Multi-perspective-view-coupled table object positioning method

Technical Field

The invention relates to an object positioning method, in particular to a table top object positioning method with coupled multiple perspective views.

Background

The field of precise machining generally needs precise three-dimensional positioning of workpieces, and positioning through biorthogonal X-ray registration is a novel workpiece positioning method. The method is also called as an image guide positioning technology, and the technology acquires 1-N two-dimensional perspective images of an object before processing, compares the two-dimensional perspective images with a three-dimensional computed tomography image of the object, obtains the spatial transformation of the processing positioning position and the current position of the object, and controls a table board to move the object to a processing preset position.

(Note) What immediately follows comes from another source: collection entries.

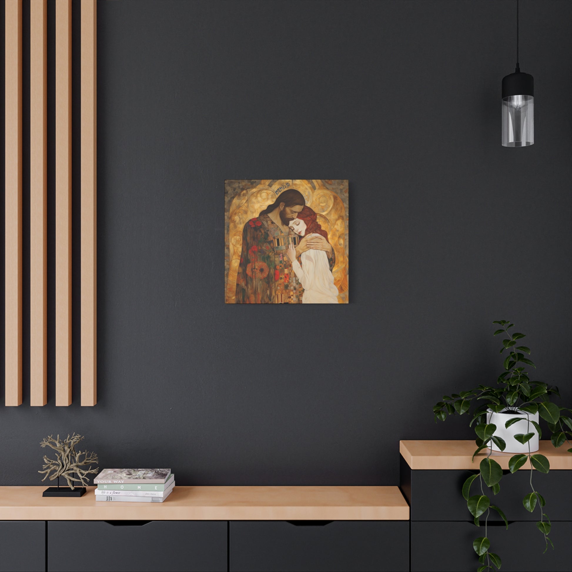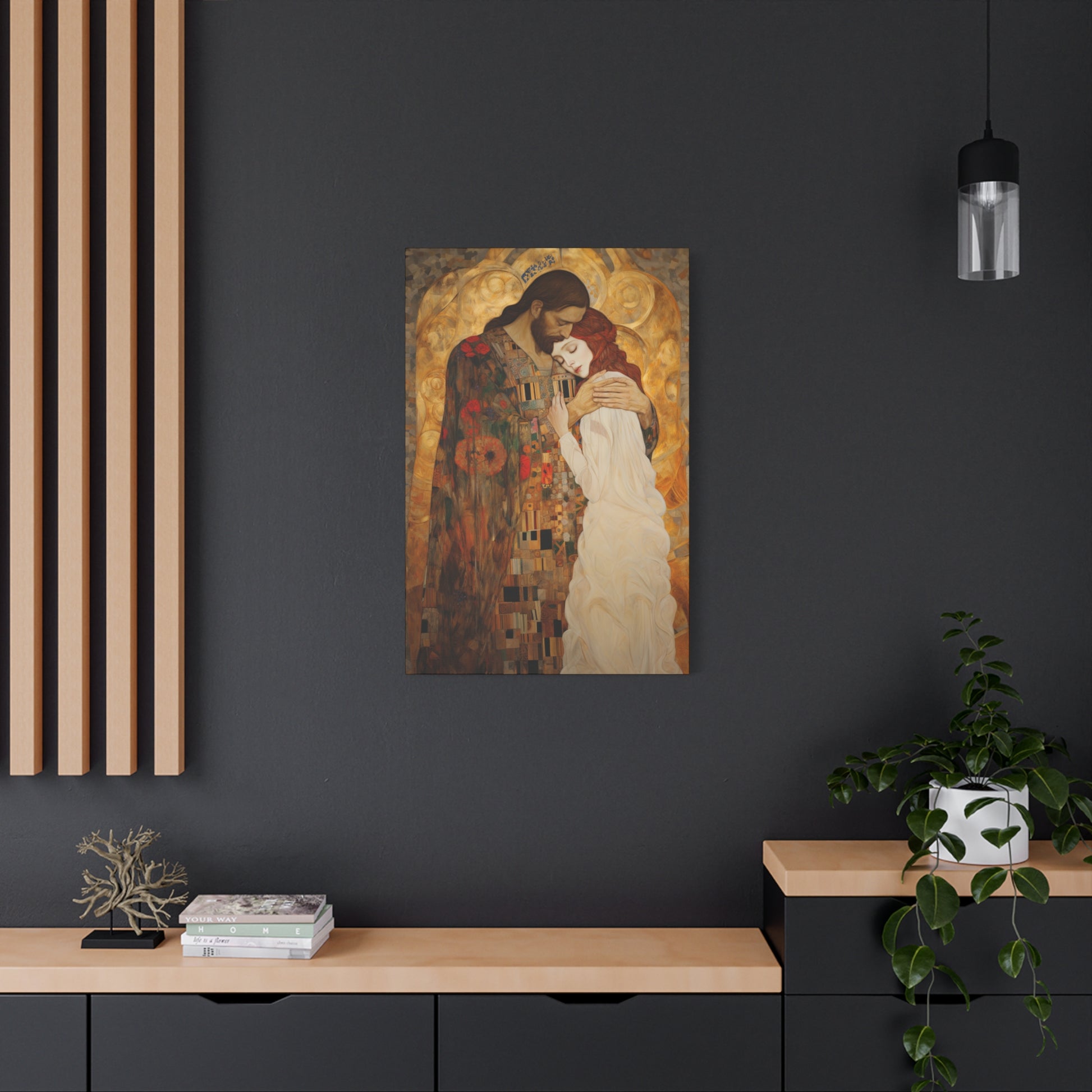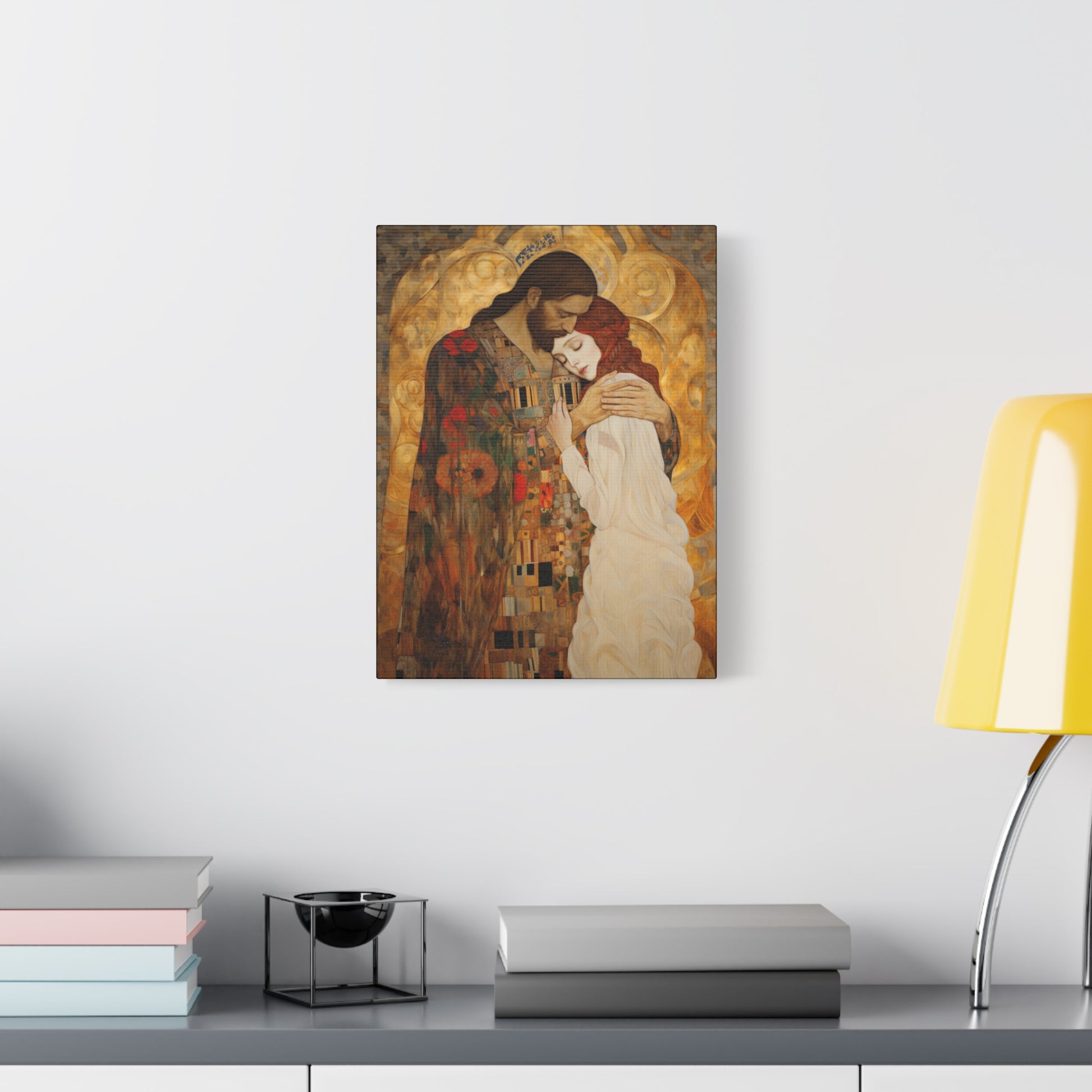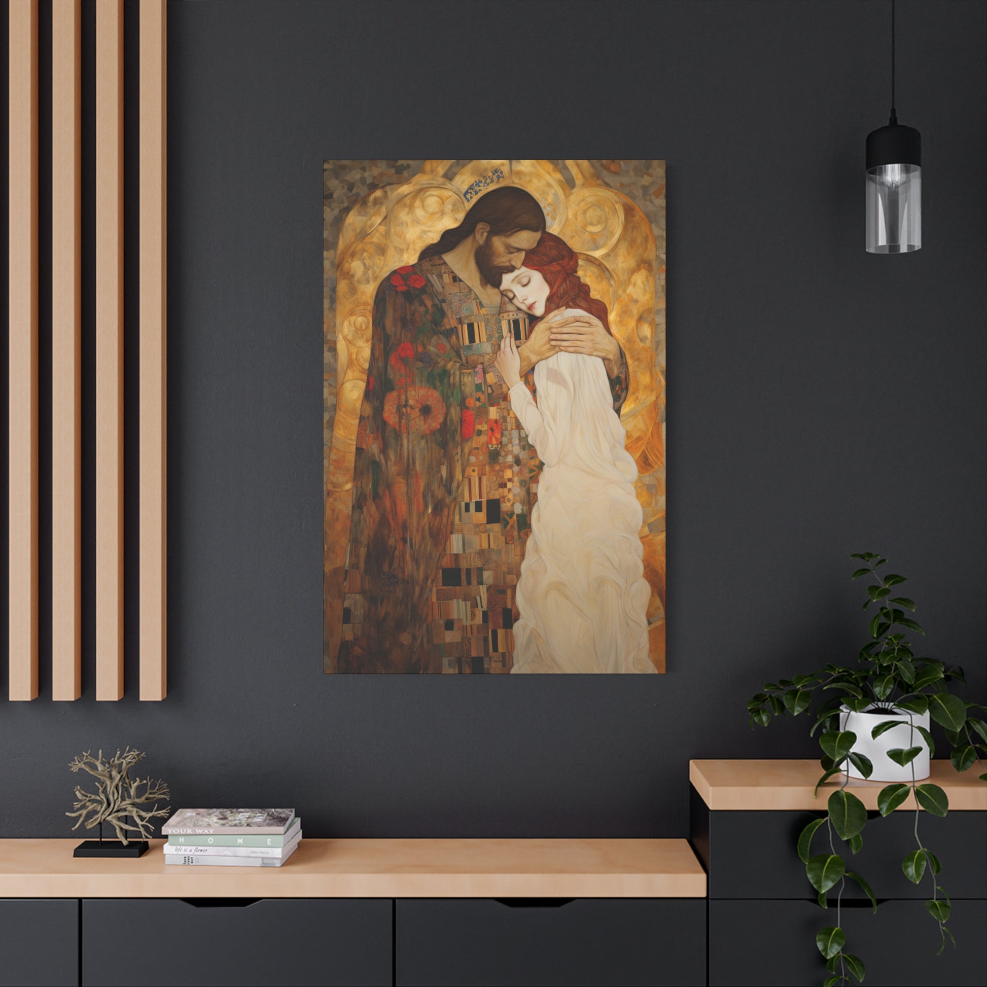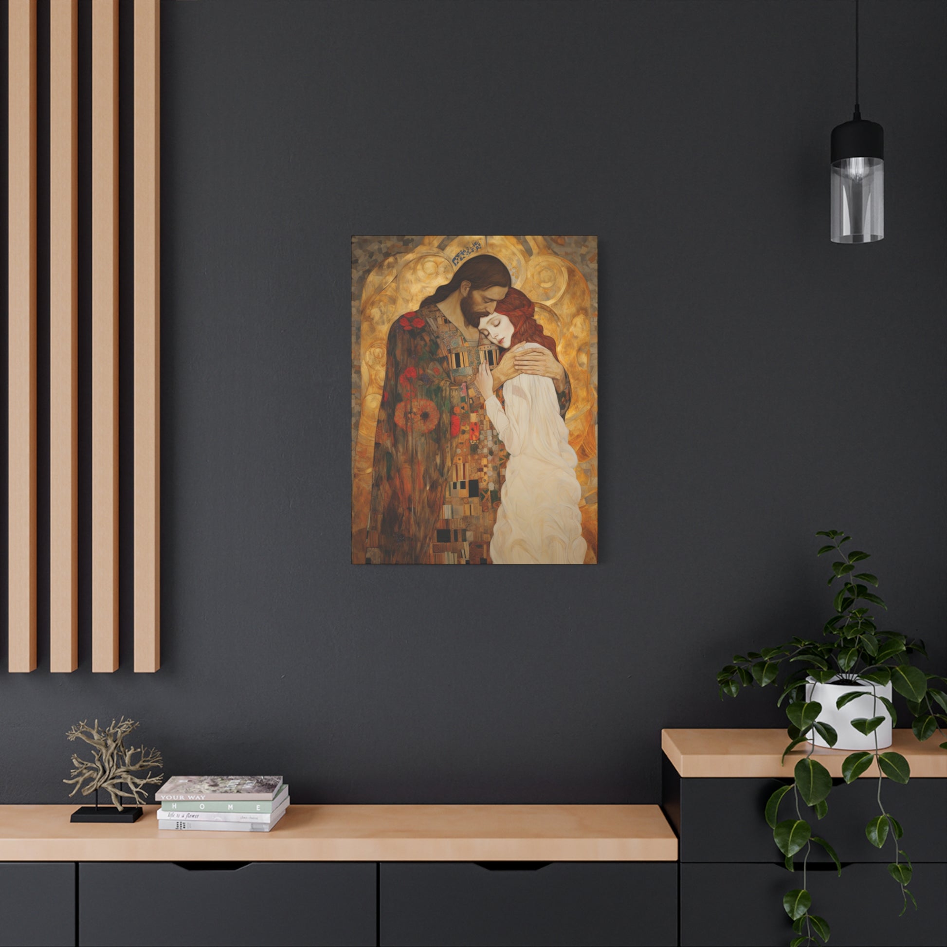 Christ Embracing Mary Magdalene Museum Wrapped Canvas - Sanctified Souls Print -Based on Klimt's The Kiss - Religious Catholic Art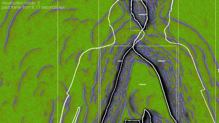 〈과거와의 조우〉는 작품 앞의 관객이 과거의 모습과 상호작용할 때, 그래픽과 오디오가 반응하는 미디어아트 프로젝트이다. 여러 소프트웨어 간의 통신을 활용해 멀티미디어적 접근을 최대한 고수하고자 했다. 관객은 작품 앞에서 움직이면서 본인의 1~10초 전의 모습과 상호작용한다. 시간과 비주얼은 컨트롤러로 제어할 수 있으며, 현재 모습과 과거 모습이 겹치는 정도에 따라 오디오가 반응한다.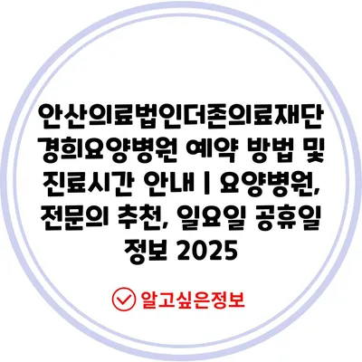 안산의료법인더존의료재단 경희요양병원 예약 방법 및 진료시간 공지 | 요양병원, 전연락 추천, 일요일 공휴일 정보 2025 에 대해 자주 묻는 질문 TOP 5
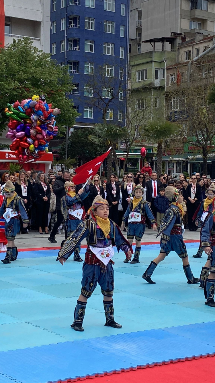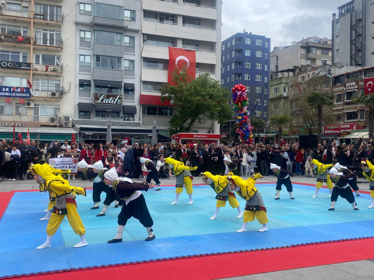 Program, İlçe Milli Eğitim Müdürlüğü tarafından hazırlanan birbirinden renkli gösterilerle devam etti. Öğrencilerin gerçekleştirdiği bayrak gösterisi izleyenlerden büyük alkış aldı. Ardından Balıkesir yöresi halk oyunları, step gösterisi ve 23 Nisan temalı şiirler sahnelendi. Jimnastik gösterisi ile devam eden programda Muğla Silifke yöresi halk oyunları, Trakya yöresi halay gösterisi, Ankara ve Artvin yöresi halk oyunları da sahne aldı.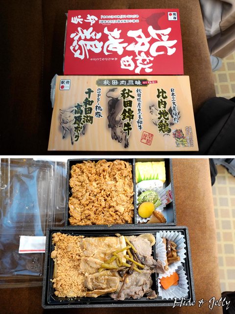 我們買了一個單純比內地雞飯,另一個則是豪華的雞牛豬便當,再搭上開回秋田的電車上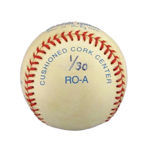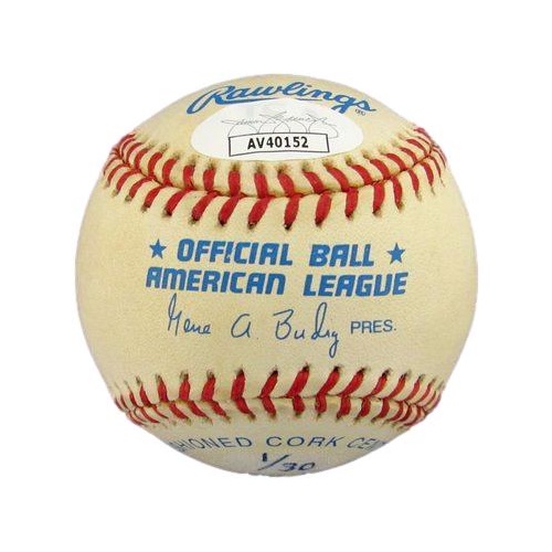 Rawlings Official American League baseball. Hand-signed and inscribed by Bobby Richardson (New York Yankees). Please note, the baseball is naturally toned.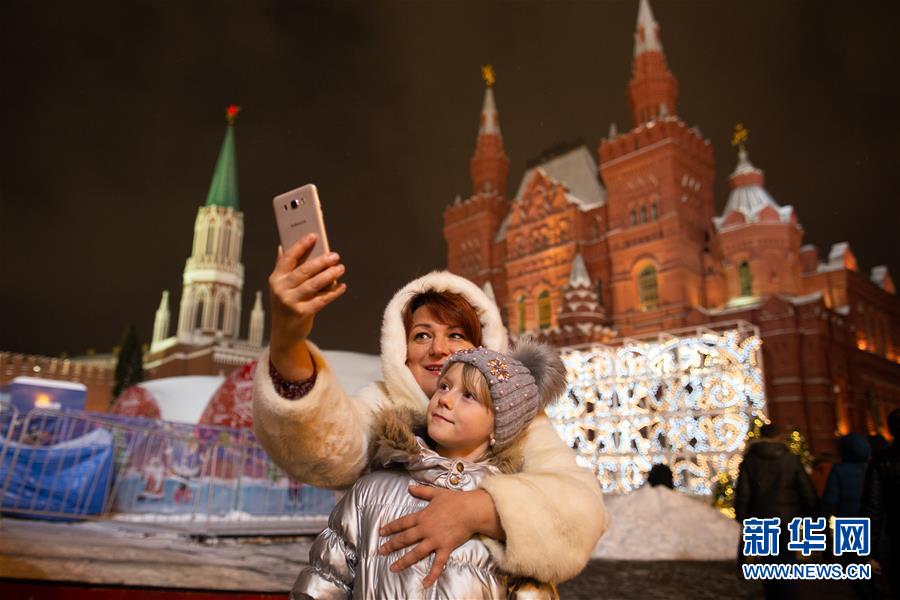 2018年12月31日,在俄罗斯首都莫斯科,人们在迎新年活动中自拍。 新华社发(叶夫根尼·西尼岑摄)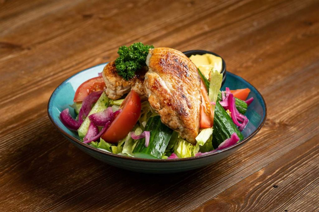 salaattipedillä lämmintä broilerinfileetä, tomaattia, kurkkua, punasipulihilloketta sekä yrttiöljyä ja currydippiä.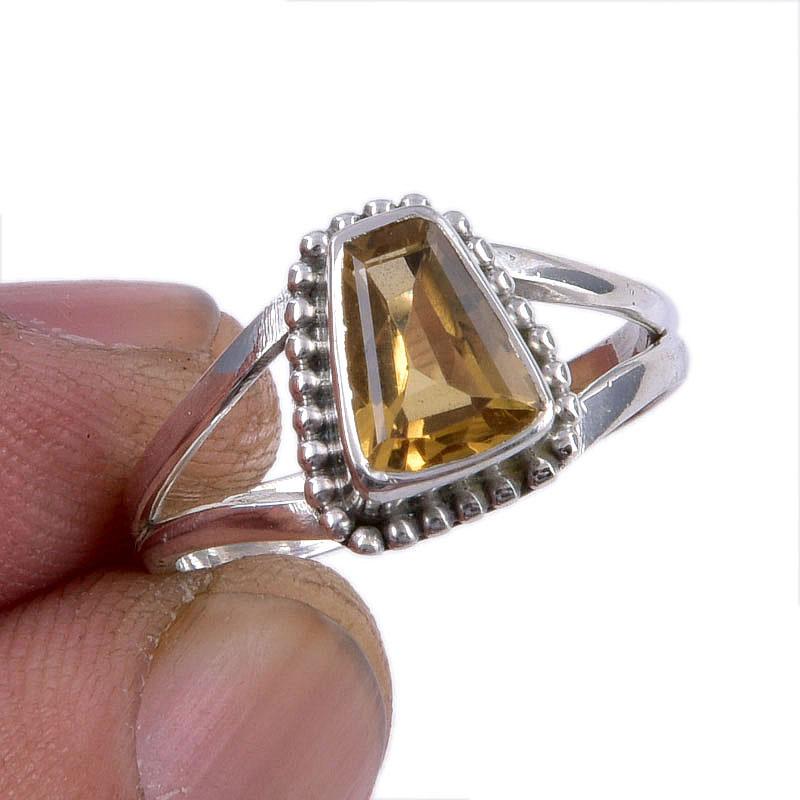 Natural Citrine Gemstone Handmade 925 Sterling Silver Jewelry Ring Size 6.5 m3h31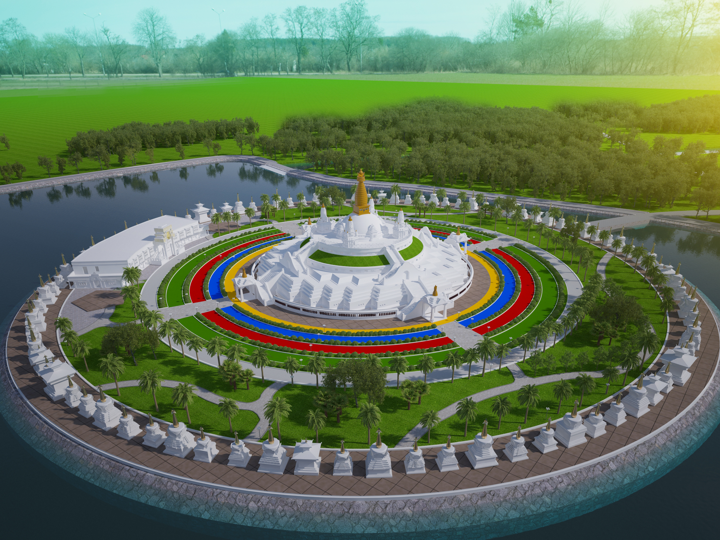 Bao quanh vòng trong hồ là 108 Bảo tháp thiết lập xung quanh như bức tường rào, đây chính là vòng hộ trì làm ranh giới cho khuôn viên tháp với thế giới phàm bên ngoài. Các tháp này nêu biểu “Bát tướng thành đạo” hay các công hạnh quan trọng của Đức Phật từ khi Ngài đản sinh cho đến khi thể nhập Niết bàn.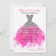 Convite de aniversário Glamoroso de Quinceanera com gráficos de um vestido cor-de-prata brilhante e rosa, sobre fundo branco. Personalize o texto rosa e preto para o dia especial da sua filha.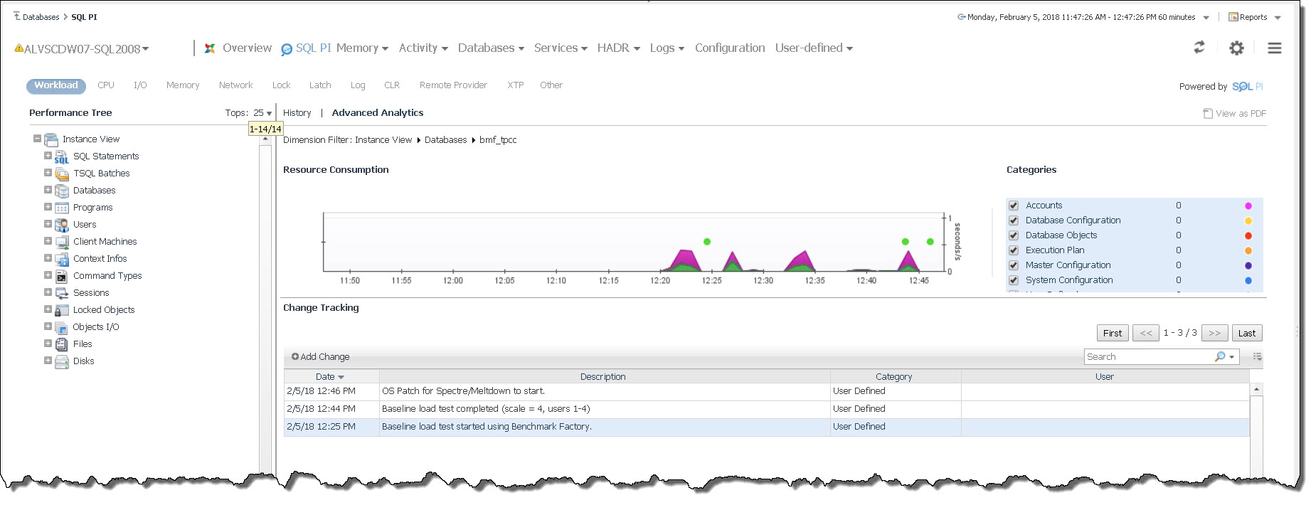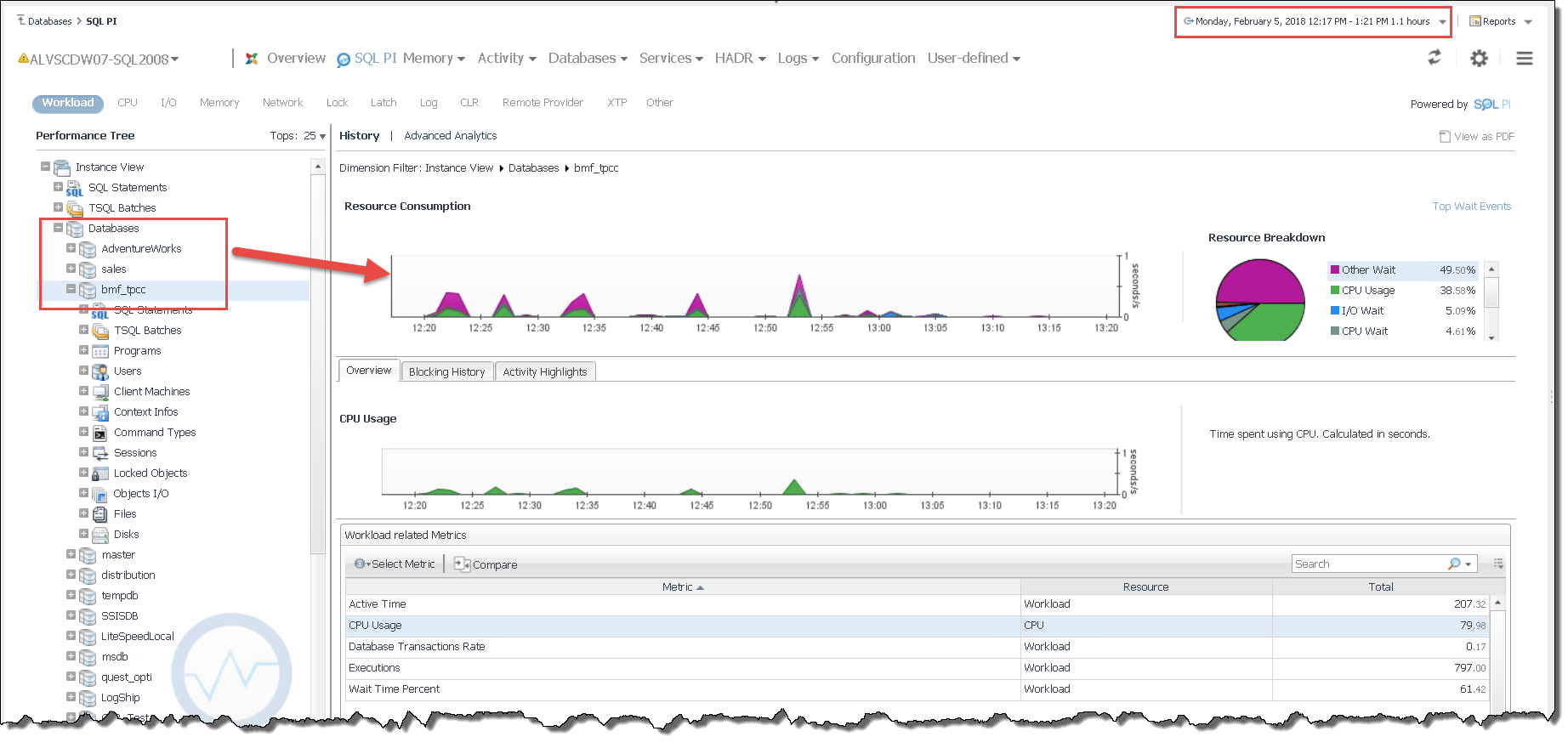 In Foglight, we can drill into the workload, isolate the database that was used for the load test (“bmf_tpcc”) and view the resulting impact on our SQL Server instance.

The two-dimensional image can be acquired by various hardware, which are commonly known as: 1. two sets of X-ray imaging systems with mutually orthogonal axes are independent of the processing tool, and each set of X-ray imaging system consists of an X-ray bulb tube source and an X-ray detection plate; 2. a KV-class Cone-Beam CT (CBCT) system mounted on a rotating device. The first type of hardware can rapidly shoot 2X perspective images with orthogonal angles, and the second type of hardware can dynamically shoot a plurality of X perspective images with different angles along with the rotation of the C-shaped arm. The first method has strict requirements on the installation position of an imaging system, and has difficulty in adapting to different applications, so that the application range is limited; the second type needs the certain angle of rotary device when fixing a position, leads to the location time longer to because the object can be out of shape at the rotatory process, and rotary device can have unstable phenomenon in the rotatory process, probably leads to positioning accuracy to descend.

Disclosure of Invention

The purpose of the invention is as follows: the invention aims to provide a multi-perspective-view-coupled table object positioning method capable of expanding the application range and improving the precision.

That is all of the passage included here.